This skill provides comprehensive guidance for installing, configuring, and debugging vLLM on NVIDIA GPUs with CUDA 12.x.

When to Use This Skill

  • Installing vLLM on NVIDIA GPUs (B200/H100/A100)
  • Debugging vLLM installation errors (missing libraries, version conflicts)
  • Configuring tensor parallelism for different model architectures
  • Setting up environment variables for CUDA and NVIDIA libraries
  • Starting and testing vLLM OpenAI-compatible API server
  • Fixing common runtime errors (cuDNN, cusparseLt, FlashInfer issues)
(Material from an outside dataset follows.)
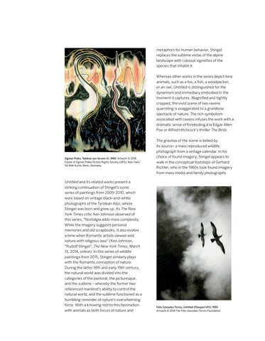 metaphors for human behavior, Stingel replaces the sublime vistas of the alpine landscape with colossal vignettes of the species that inhabit it. Whereas other works in the series depict lone animals, such as a fox, a fsh, a woodpecker, or an owl, Untitled is distinguished for the dynamism and immediacy embodied in the moment it captures. Magnifed and tightly cropped, the vivid scene of two ravens quarreling is exaggerated to a grandiose spectacle of nature. The rich symbolism associated with ravens infuses the work with a dramatic sense of foreboding à la Edgar Allen Poe or Alfred Hitchcock’s thriller The Birds.

Version Information (as of v0.14.1)

ComponentVersionNotes
vLLM0.14.1Latest stable (v0.15.0rc2 not yet on PyPI)
flashinfer-python0.5.3Attention backend
flashinfer-cubin0.5.3Must match flashinfer-python version
nixl0.9.0KV cache transfer (DMA-BUF, recommended for PD disaggregation)
nvidia-nccl-cu122.28.3Force reinstall
nvidia-cudnn-cu129.16.0.29Required for PyTorch 2.9+
bitsandbytes0.46.1Quantization support
numpy<2.3Required for numba compatibility

DeepSeek-V3 FP8 on Blackwell (B200)

vLLM correctly handles DeepSeek-V3 FP8 on Blackwell GPUs, unlike SGLang which produces garbage output due to FP8 scale format incompatibility.

FrameworkDeepSeek-V3 FP8 on Blackwell
vLLM 0.14.1✅ Works correctly
SGLang 0.5.8❌ Garbage output (scale format mismatch)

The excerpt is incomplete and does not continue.